Photography & Installation
Nina's photographic work is surrealist in nature, seeking out the uncanny and eerie, to be found in the everyday and mundane.
Obsessed by old windows, doors, glass and mirrors; objects and interiors are seen in reflection, creating layers and texture.
Parts are revealed, others obscured.
It's the mysterious, unsettling and clandestine that she seeks.
Alongside these works, 'The Letterbox Thief' is an ongoing series of photographs that
plays with the boundaries of privacy, exposure and internal & external space.
They are snapshots of (mainly) people's homes, (sometimes public places), all taken through their letterboxes.
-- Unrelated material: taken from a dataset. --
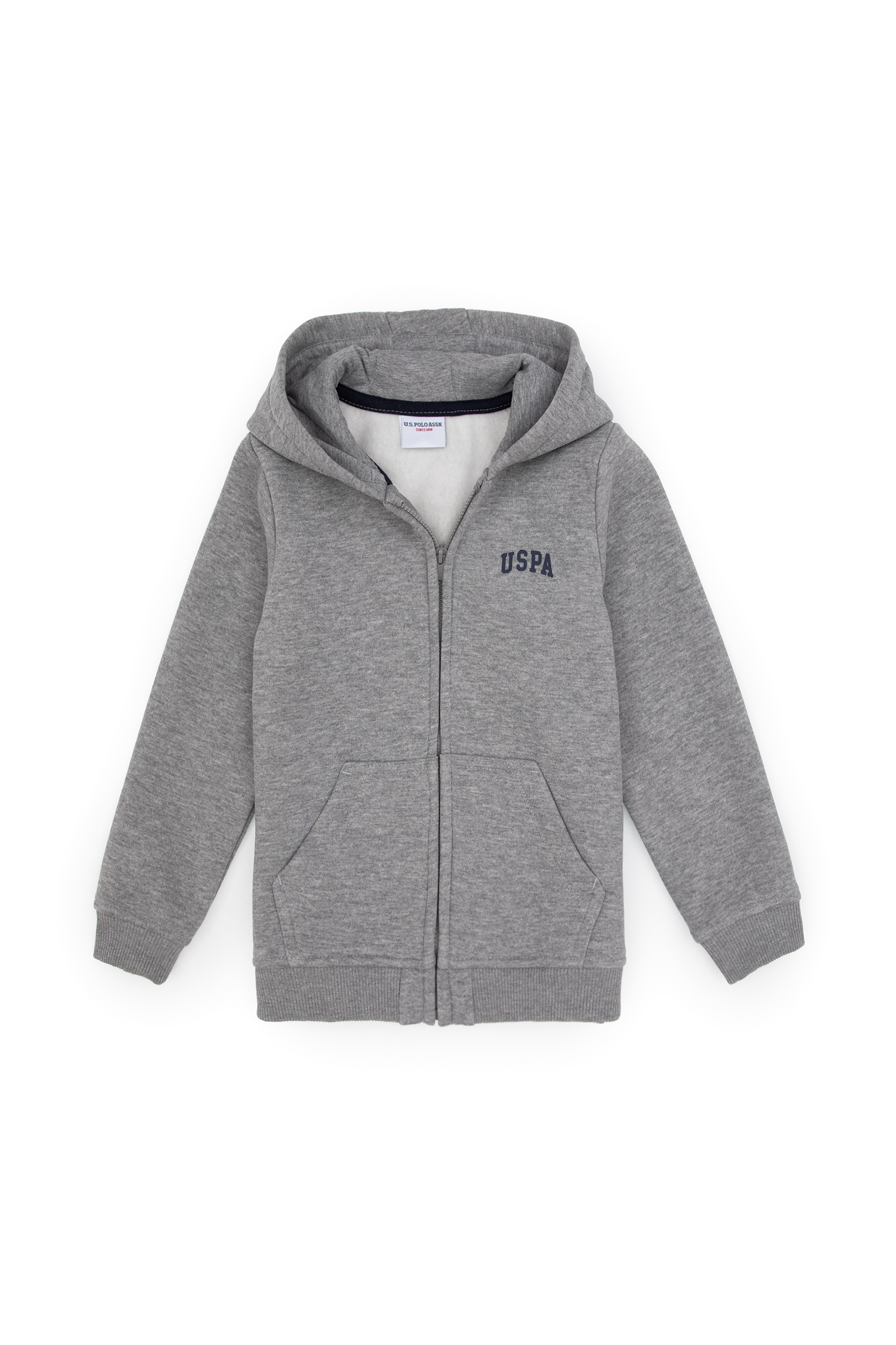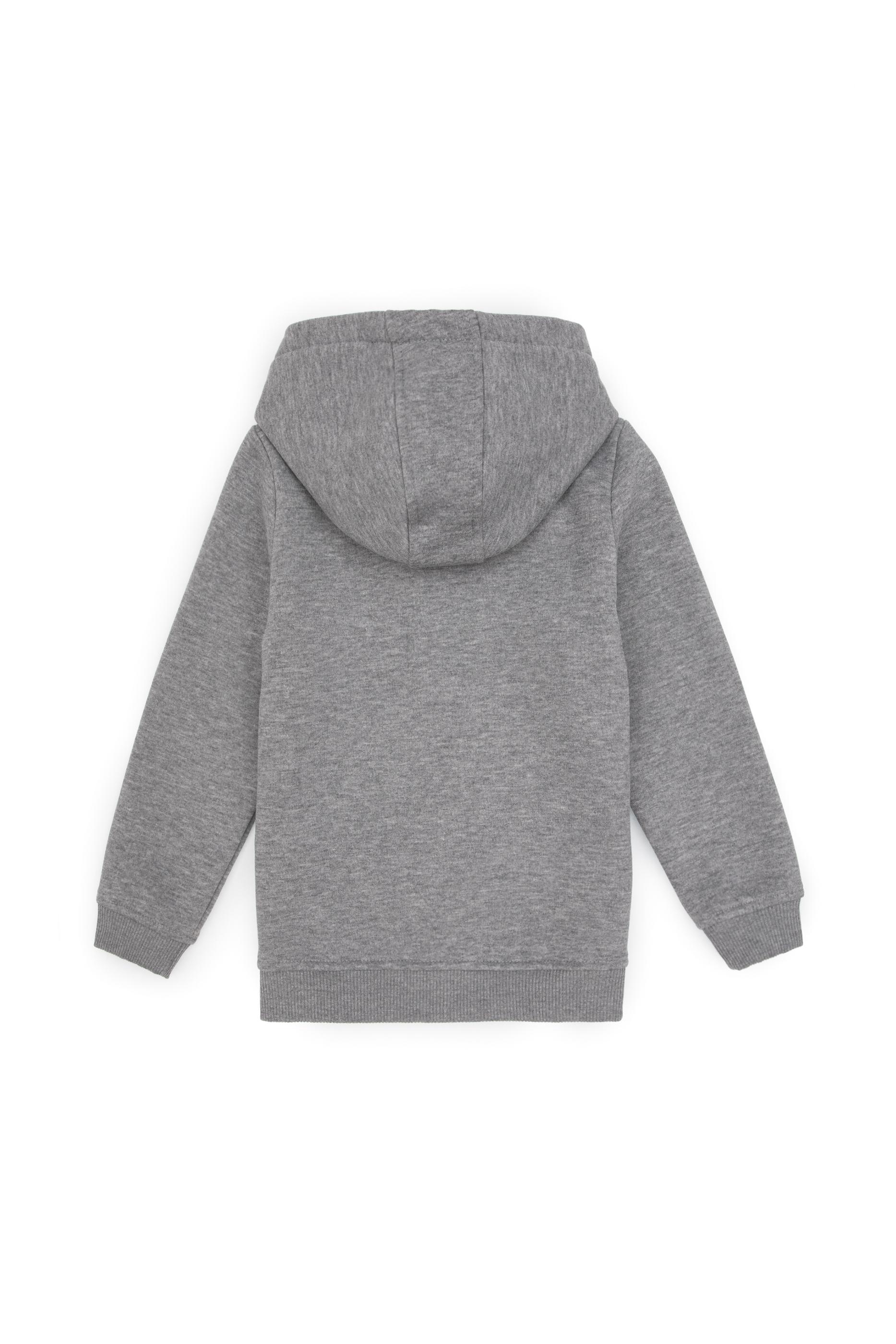 - Erkek Çocuk Gri Melanj Fermuarlı Kapüşonlu Örme Hırka

People are never seen in the photographs.
The physical boundary between what is private and kept from the outside world; just a door with a small boxed opening to separate them.
What she can see, is therefore limited to set dimensions and dictates the format of the photographs.
What does she hope to find?
What is obscured from our view and what is revealed?
What remains hidden is a question for her.
Is she a voyeur on the look-out for excitement? Something clandestine? Something she shouldn't see? Or simply the mundane, that could perhaps reveal an intimate part of a person's life?
Is she trespassing?
She's invisible until caught.
Our hallways aren’t private spaces like other rooms in our homes, such as bedrooms.
We open our front doors to receive packages, to have the gas and electricity meters read, to friends and family.
Nina is attracted by the spontaneity of what she will discover and how the mundane becomes mysterious and atmospheric.
She likes to explore the play of light and shadow, and the reflections from the shiny metal of the letterbox flap.